*Directions:* A word-for-word copy of the records is needed, with every picture left out.

[Data items]
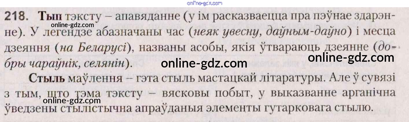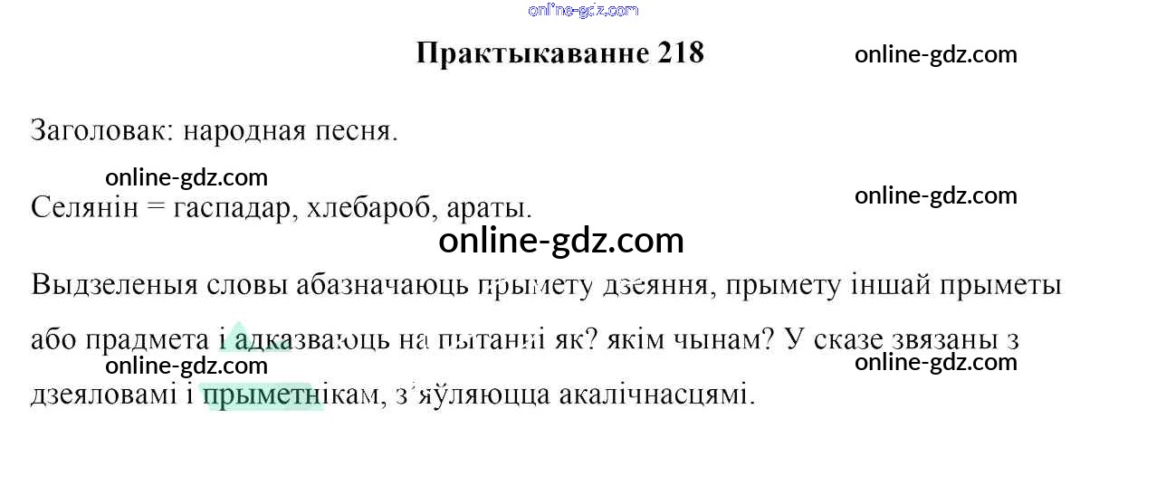 Готовые домашние задания по Белорусскому языку за 7 класс Учебник Валочка, Язерская 2020 - Практыкаванні 218
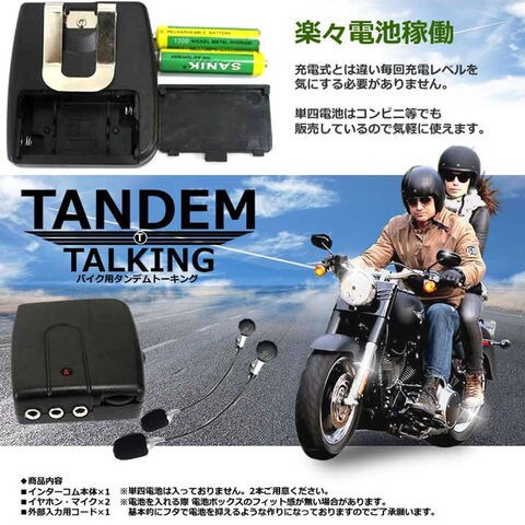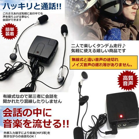 【2個セット】バイク用 インカム 有線インカム ヘルメット イヤホン バイク 電池式 3.5mm ジャック イヤホン マイク 2人乗り 通話 音楽 タンデム トーキング バイク用品
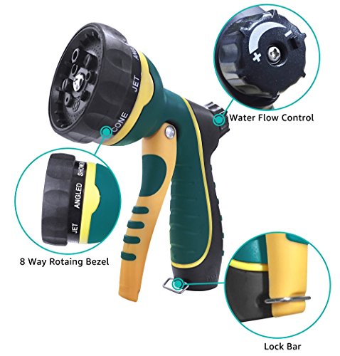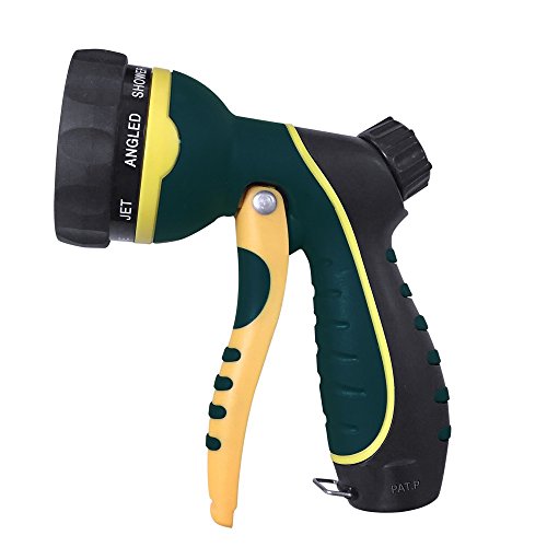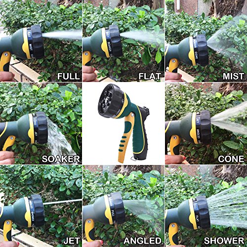 - MULTI-PURPOSE: This water nozzle has 8 patterns. They are spray, full, soak, spray, flat, cone and shower nozzle modes. It is versatile enough to meet all your gardening requirements. So it is not only great to mist the beautiful flowers, spray the dry driveways, bath the pets, wash the cars but also good to create strong jet flow for floor cleaning, and so on. Additionally, it was designed to perfectly fit all standard garden hoses on the market.
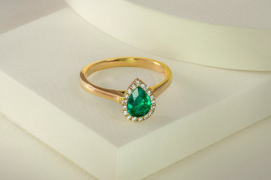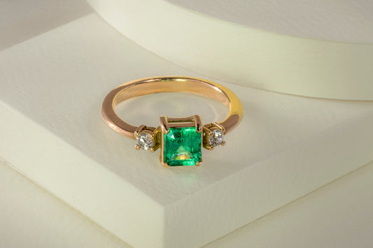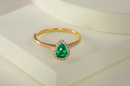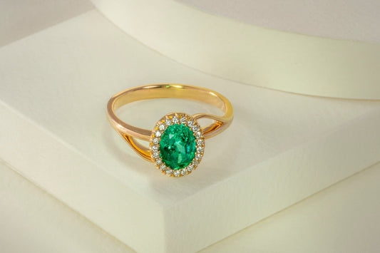 Anillo oro amarillo con esmeralda y diamantes naturales - ANA152
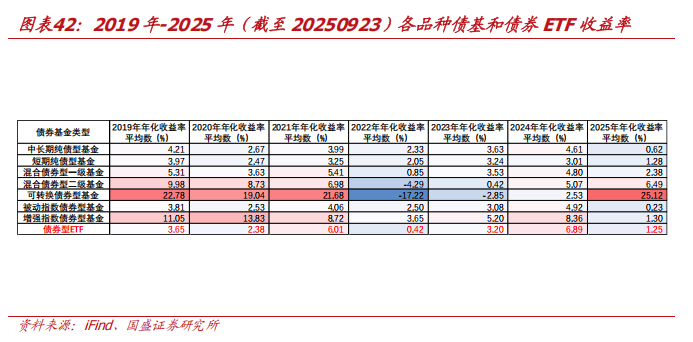 截至2025年9月25日,存续债券ETF合计53只,包括16只利率债ETF、35只信用债ETF和2只可转债ETF。存量债券ETF品种相对齐全、久期选择相对多样,其中利率债ETF久期在1年~22年,信用债ETF久期在0.33~4.53年,品种方面还包括城投债ETF、科创债ETF、基准做市信用债ETF等,可满足投资人的基本配置需求。
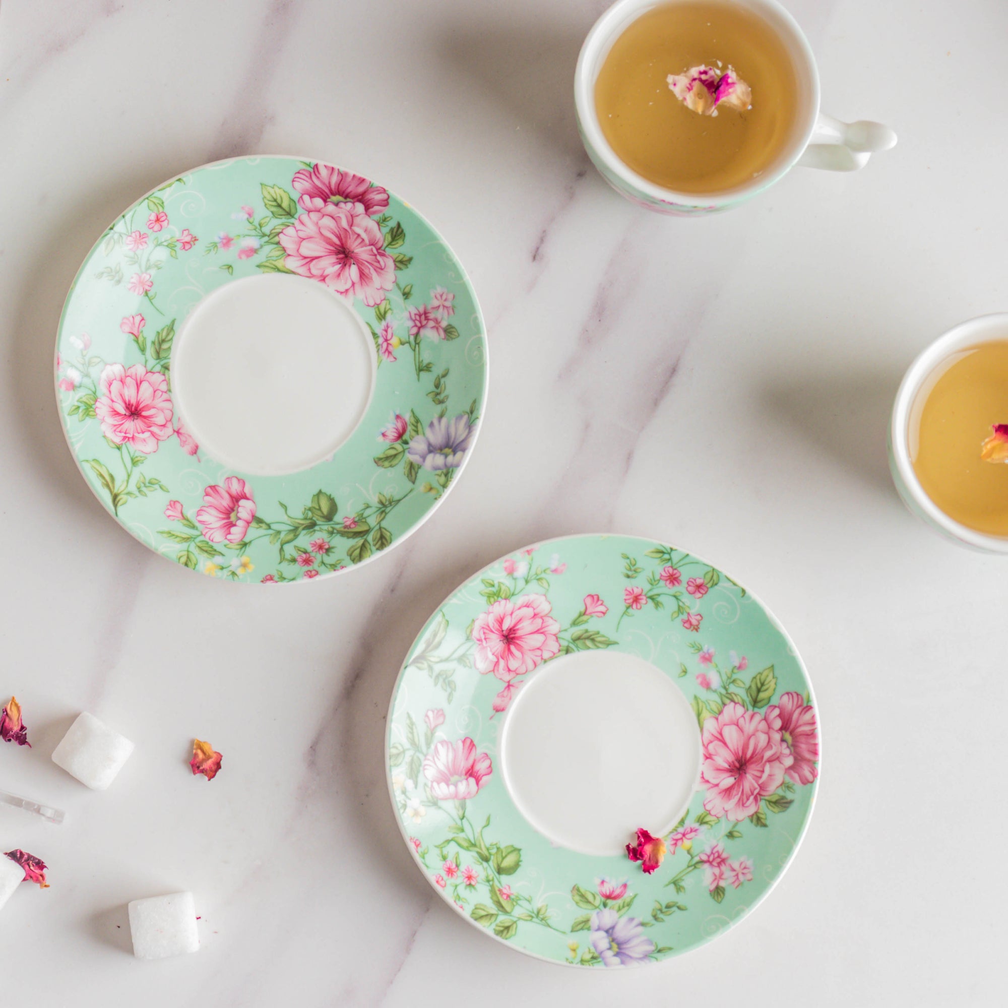Teacups, each with a distinct saucer - all made of ceramic - add the cozy elegance to tea parties. There also comes a ceramic kettle stand, having a flat, little station for the kettle to rest conveniently.
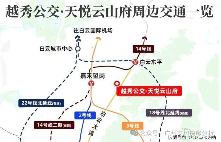 项目距离地铁14号线白云东平站约1.7公里,还有在建的地铁18号线北延段,3号线白云大道北站约2.1公里。
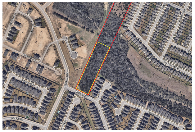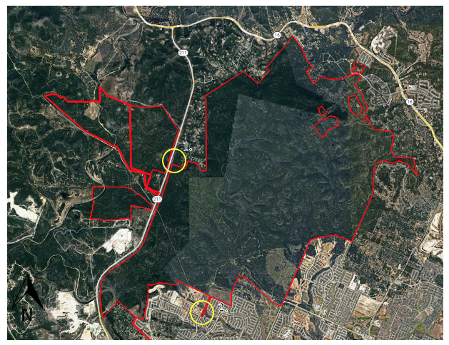 Proposed Land Swap from Bexar County ESD 7 to TPWD Outlined in Yellow
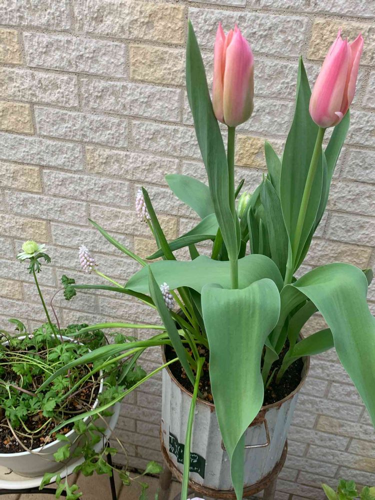 チューリップ咲きましたね〜💖💖 お色も姿も私の大好きなチューリップ🌷です✨✨かわいい〜😍ピンクのムスカリさんとのコラボも本当に素敵です✨✨✨

*Response to this task:*
 Готовые домашние задания по Белорусскому языку за 7 класс Учебник Валочка, Язерская 2020 - Практыкаванні 218
 【2個セット】バイク用 インカム 有線インカム ヘルメット イヤホン バイク 電池式 3.5mm ジャック イヤホン マイク 2人乗り 通話 音楽 タンデム トーキング バイク用品
 - MULTI-PURPOSE: This water nozzle has 8 patterns. They are spray, full, soak, spray, flat, cone and shower nozzle modes. It is versatile enough to meet all your gardening requirements. So it is not only great to mist the beautiful flowers, spray the dry driveways, bath the pets, wash the cars but also good to create strong jet flow for floor cleaning, and so on. Additionally, it was designed to perfectly fit all standard garden hoses on the market.
 Anillo oro amarillo con esmeralda y diamantes naturales - ANA152
 截至2025年9月25日,存续债券ETF合计53只,包括16只利率债ETF、35只信用债ETF和2只可转债ETF。存量债券ETF品种相对齐全、久期选择相对多样,其中利率债ETF久期在1年~22年,信用债ETF久期在0.33~4.53年,品种方面还包括城投债ETF、科创债ETF、基准做市信用债ETF等,可满足投资人的基本配置需求。
Teacups, each with a distinct saucer - all made of ceramic - add the cozy elegance to tea parties. There also comes a ceramic kettle stand, having a flat, little station for the kettle to rest conveniently.
 项目距离地铁14号线白云东平站约1.7公里,还有在建的地铁18号线北延段,3号线白云大道北站约2.1公里。
 Proposed Land Swap from Bexar County ESD 7 to TPWD Outlined in Yellow
 チューリップ咲きましたね〜💖💖 お色も姿も私の大好きなチューリップ🌷です✨✨かわいい〜😍ピンクのムスカリさんとのコラボも本当に素敵です✨✨✨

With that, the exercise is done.